George Zimmerman is probably innocent where Trayvon Martin is concerned. Both legally and ethically.

Many people carry on like Martin did absolutely nothing wrong that evening while Zimmerman did a pseudo-KKK lynching. That is not the story I pieced together from sensible testimonies. Frankly, I see no reason to dismiss Zimmerman’s version.

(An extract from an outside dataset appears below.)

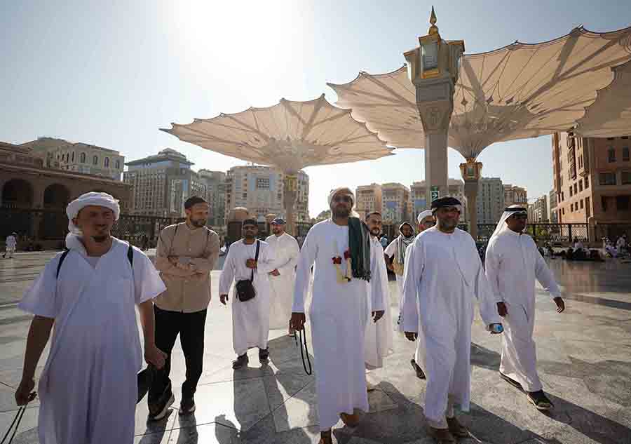 Ekip daha sonra, Hz. Peygamber'in yanı sıra Hz. Ömer ve Hz. Ebubekir'in kabirlerinin de yer aldığı Mescid-i Nebevi'yi ziyaret etti.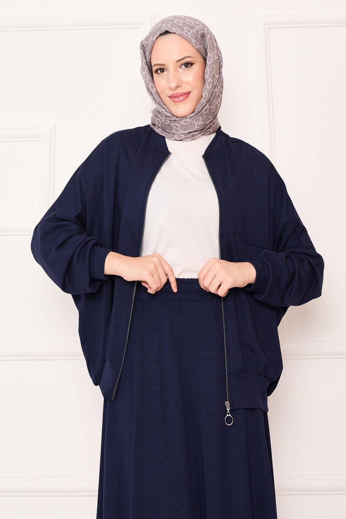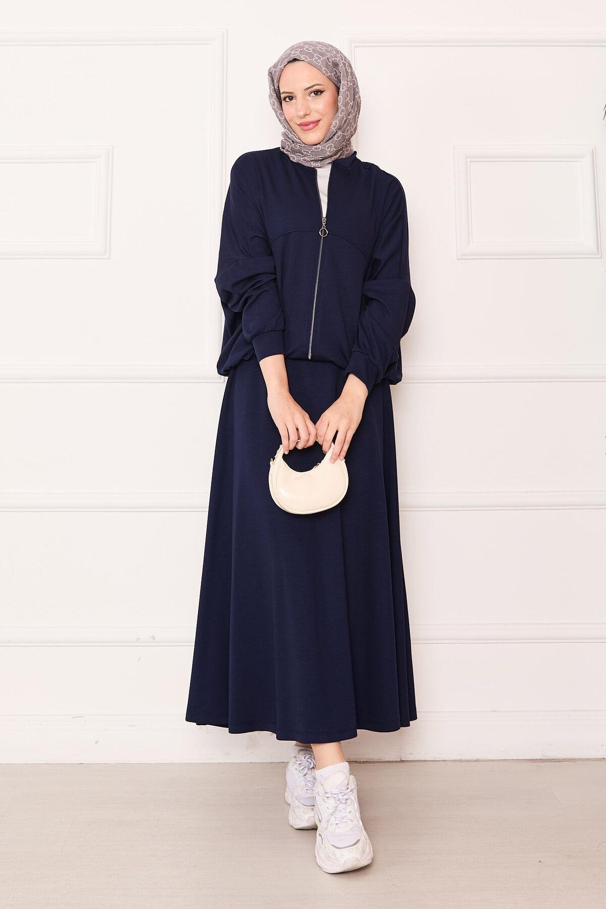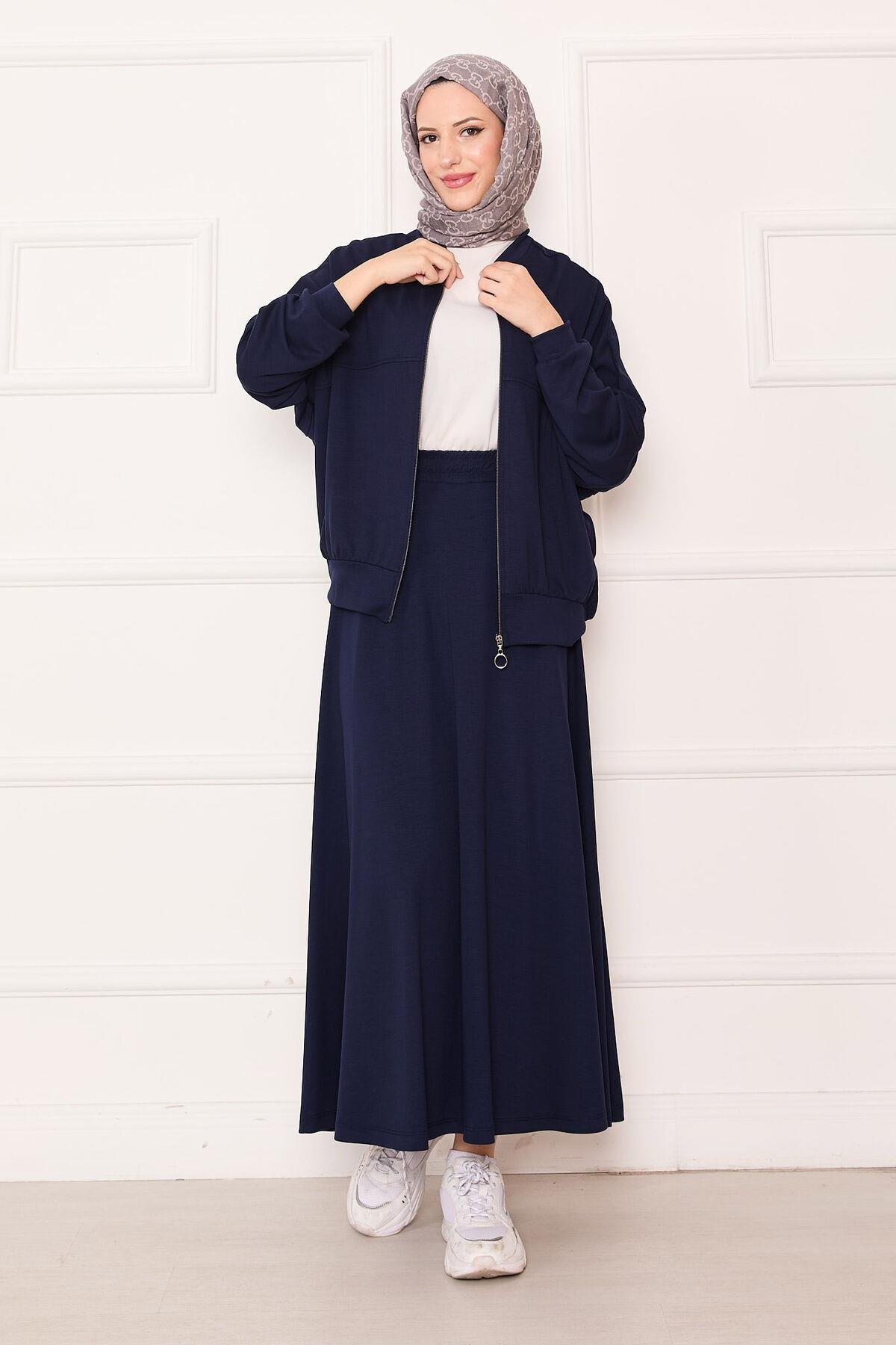 Zippered Bomber Jacket and Skirt Set Navy Blue (125M00623481R331)

In a neighborhood that had had unsolved burglaries lately, this official watchman saw a young man walking on lawns and looking in windows. It was for this reason—not the hoodie, the contents of the youth’s pockets, or his skin tone (which Zimmerman apparently couldn’t determine right away)—that the watchman reported him to the police. When the dispatcher asked for more details, Zimmerman got out of his car and followed Martin to get a better look. When the dispatcher said to stop following, Zimmerman agreed. Whether he complied right away is unclear to me, but that sort of mistake merits nothing worse than a reprimand in my book. Zimmerman had lost sight of Martin when the latter reappeared speaking aggressively. Before they could settle anything verbally, Martin had pinned Zimmerman to the sidewalk and was banging his head against it. Zimmerman called out for help, but none was immediately forthcoming. Martin noticed the gun on Zimmerman’s person and reached for it, but Zimmerman reached it first. When that unpleasant spectacle was over, Zimmerman called the police again.

If I’d had the self-confidence to join a neighborhood watch, I might have made all the same moves.

I don’t swear by all these details. Zimmerman may have made some up. Perhaps between his head banging and the general whirlwind stress of that night, he remains hazy on the fine points. That would be enough to explain his more doubtful claims from early in the case. But I cannot deny the picture painted by the audio recording (where the scream has been primarily identified as Zimmerman’s) and corroborated by both bodies: Zimmerman’s injuries were in keeping with a sidewalk beating, while the only non-gunshot wounds on Martin were self-inflicted knuckle scratches.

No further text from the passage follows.